The sale of art from the British Airways Galleries lounges is now in full swing on the Sotheby’s website.
If you click here it will bring up the list of images on which you can currently bid. Most are being sold via online auctions.
What is surprising is how cheaply most of it is going for. Apart from the flagship Bridget Riley, which should fetch over £1 million, many of the remaining works carry estimates as low as £4,000.
You have to wonder why British Airways is bothering. Given the staff time involved in this process, it is clearly pointless selling a piece of art from the lounge for £4,000. Sotheby’s charges VERY heavy commissions, and once you’ve factored in logistical costs plus the cost of buying a replacement picture for the lounge, it makes no sense.
The image above, for example, is by Marc Quinn.
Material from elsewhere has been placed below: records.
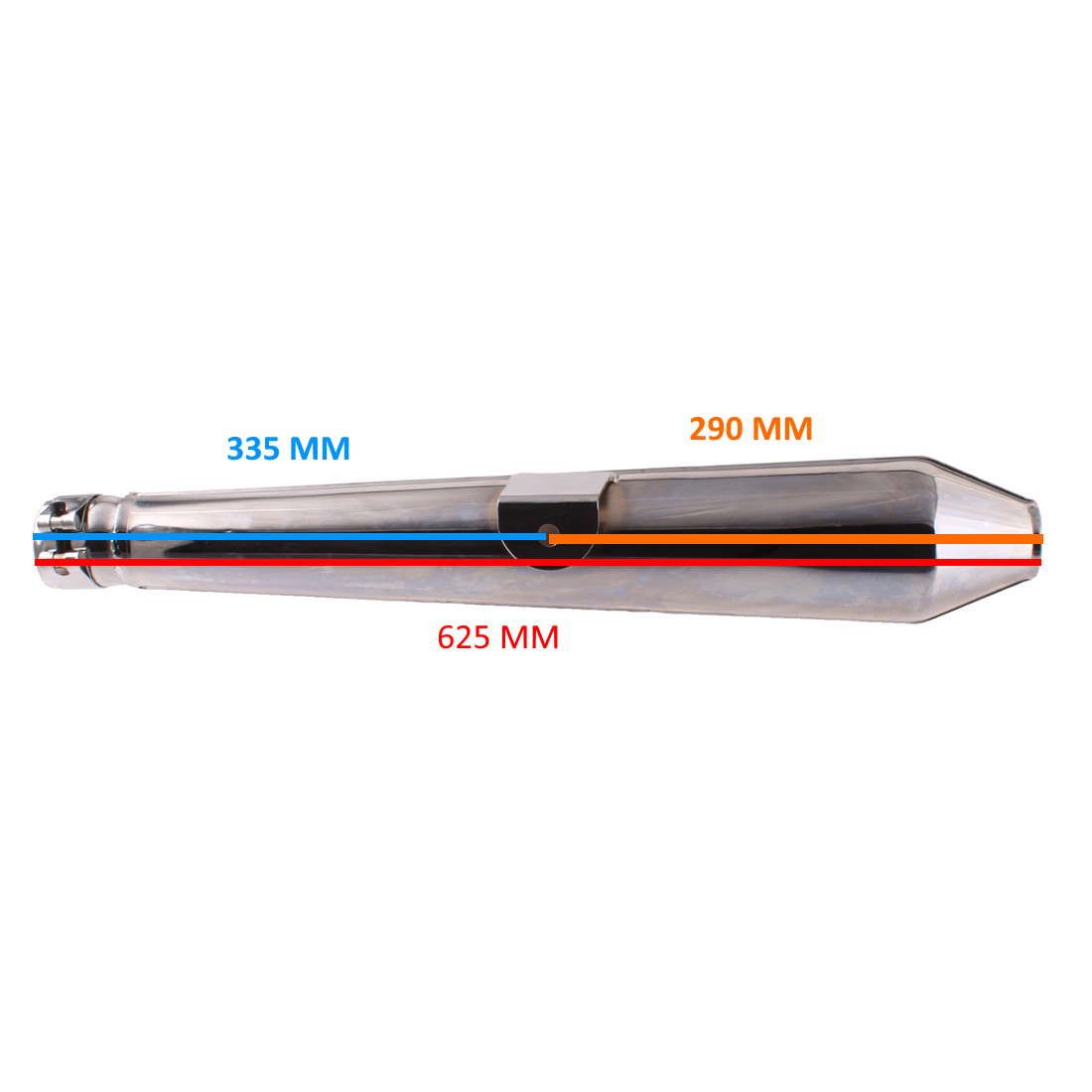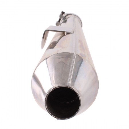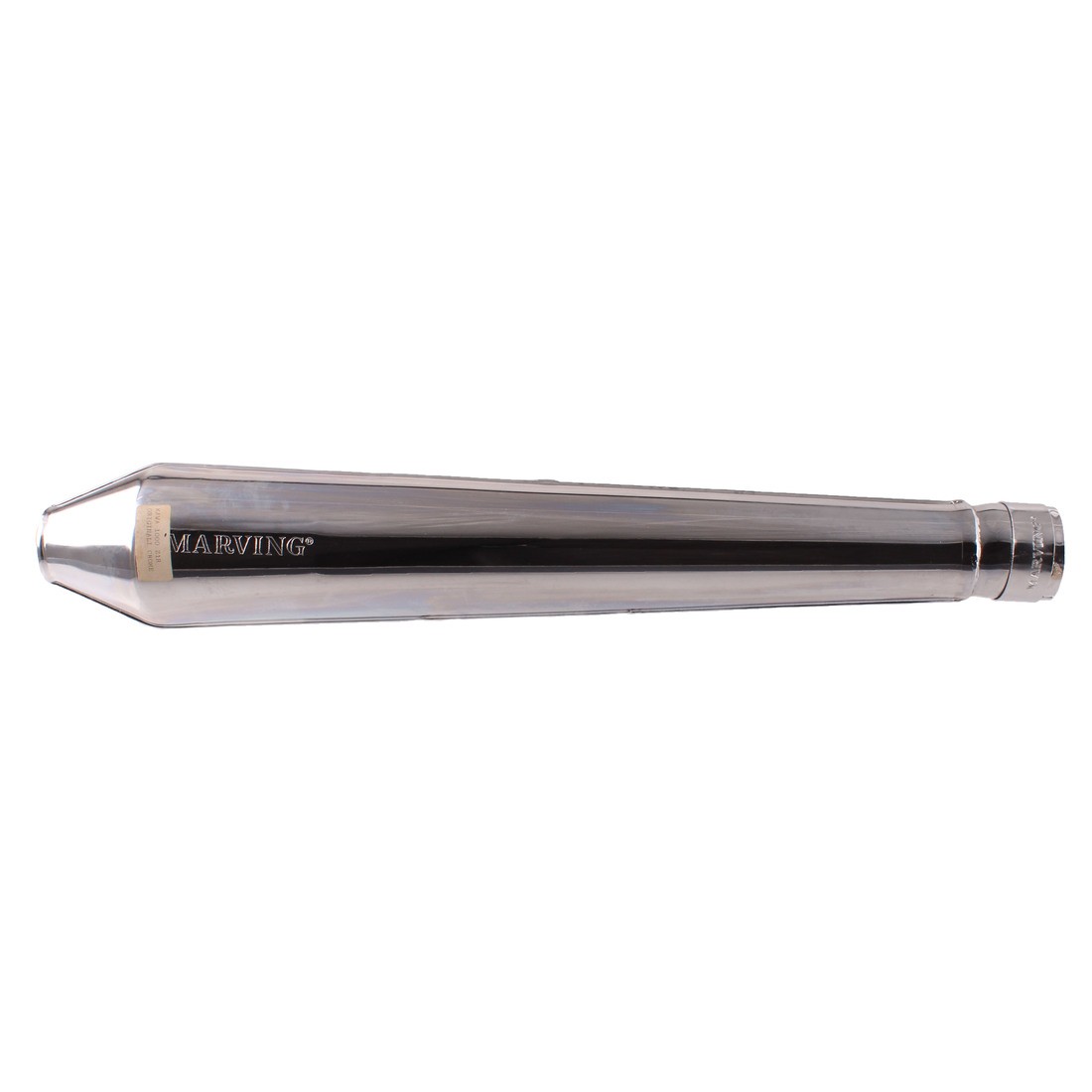 (R.18982) Vendo scarico lato destro nuovo cromato non omologato per Kawasaki Z1R 1000 cc per modelli con scarico 4 in 1 marchiata Marving con diametro interno imbocco 56 mm , lunghezza totale 625 mm , distanza imbocco e foro di fissaggio 335 mm , fondo di magazzino con leggeri segni di magazzinaggio , per misure vedere foto
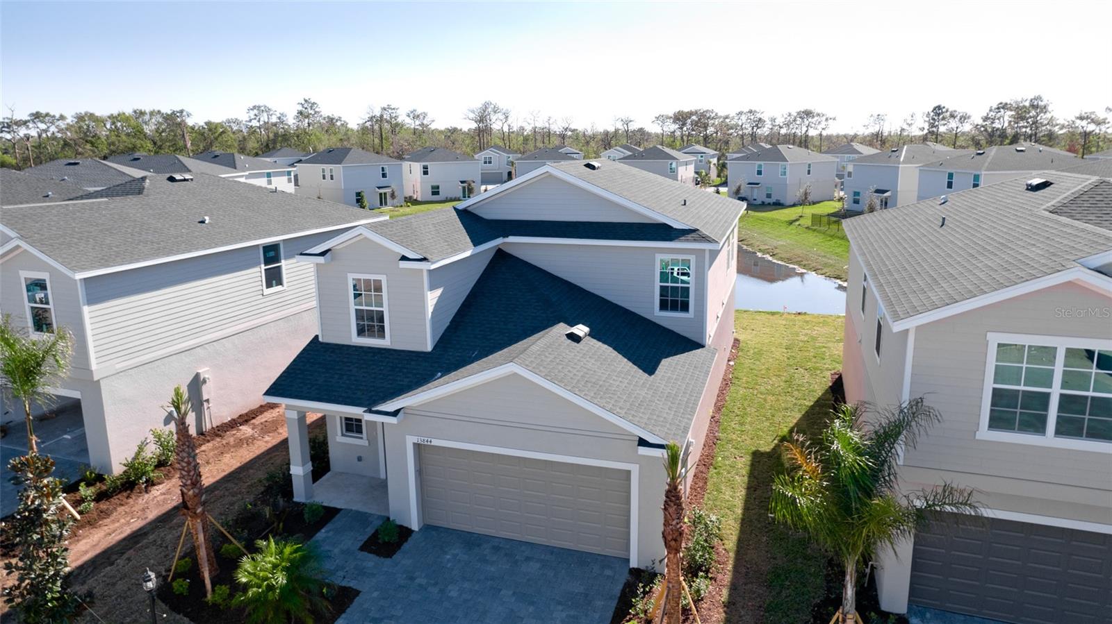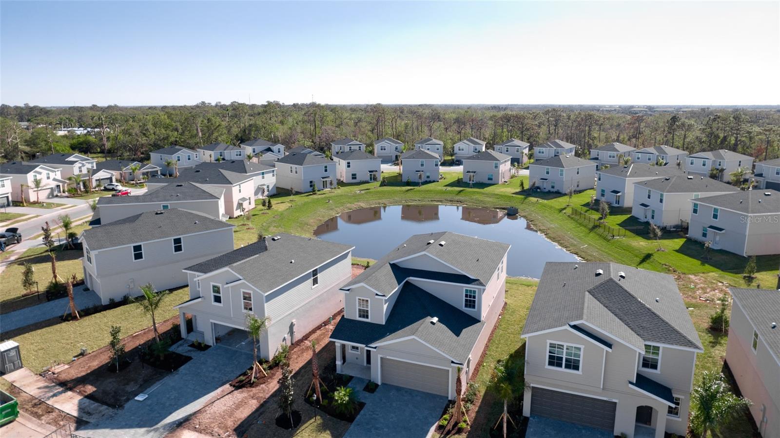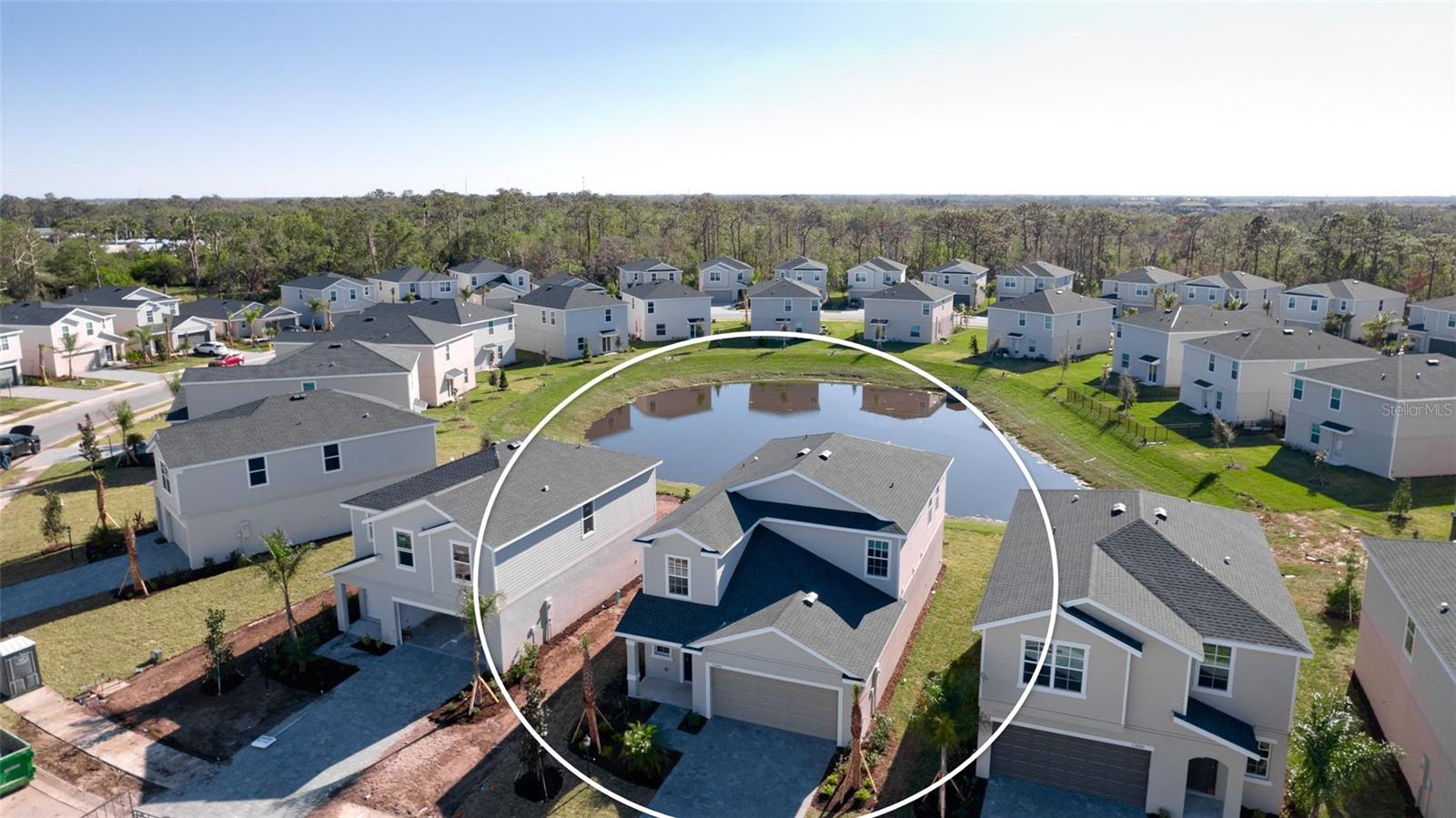 Total $45k price reduction! Brand new home with owner's suite on the main level. this two-story home divides space for optimal tranquility. The first floor showcases an open design that encompasses the 2-story foyer, dining room, gourmet kitchen with a huge island and all SS appliances, and living room for simplified family living and entertaining. The owner’s suite is on the main level and features a private bathroom with double sink vanity. The second level hosts four additional bedrooms, a full bath with a door separating the tub from the dual sink vanity, and a versatile loft. The 2-car garage has a beautiful paver driveway, In addition to a full lawn maintenance package and bulk internet service covered by HOA, homeowners will enjoy access to an onsite swimming pool, a playground and a fishing lake for outdoor fun. Close to top-rated schools, Publix plaza and easy access to I-75.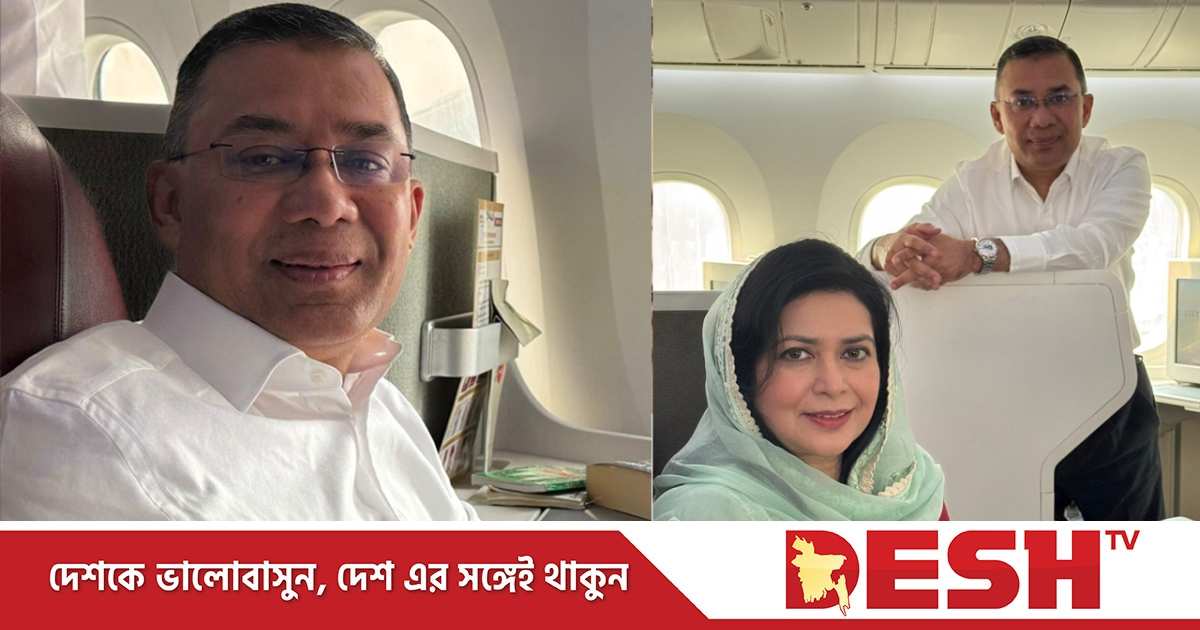 পোস্টে তারেক রহমান দুটি ছবিও যুক্ত করেন। একটিতে তাঁকে উড়োজাহাজের ভেতরে বসে থাকা অবস্থায় দেখা যাচ্ছে। অন্য ছবিটিতে তাঁর সঙ্গে স্ত্রী জুবাইদা রহমানও রয়েছেন।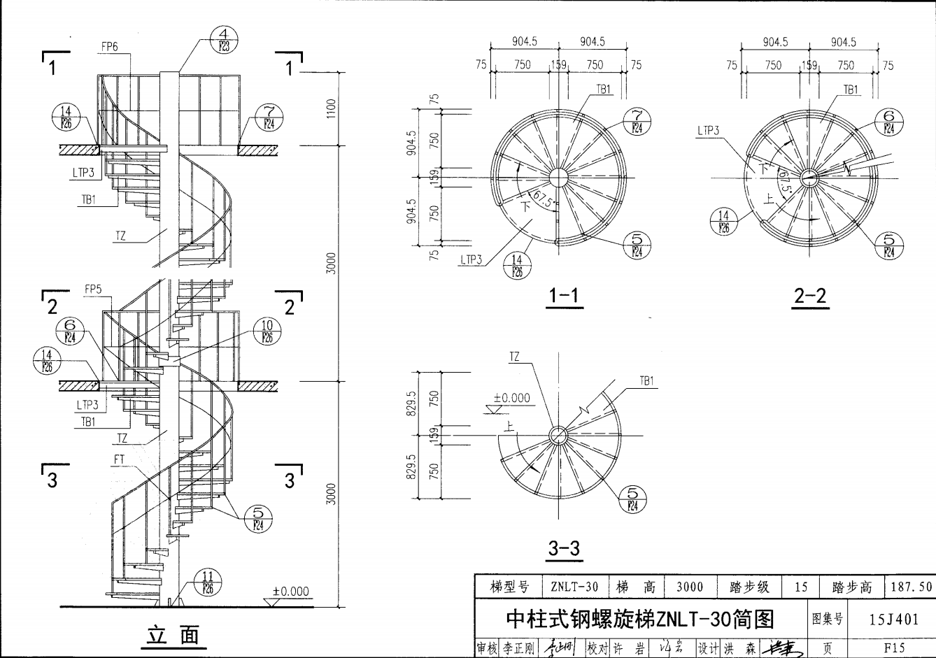 中柱式鋼螺旋梯ZNLT-30簡圖

It is one of a set of eight prints which, as a set, have a reserve price of just £5,000. This means just £625 per image. It will cost BA more than £625 to buy and install its replacement, even putting zero value on the staff time involved in selling and rebuying.
For a £1 million picture, I see the point. I’m not sure, purely from an insurance angle, that I would put a £1 million picture in an airport lounge. Going to the trouble of paying Sotheby’s to sell pictures worth just £4,000, however, makes no sense. It makes this appear to be a politically motivated sale done as part of the current pay and contract negotiations with staff.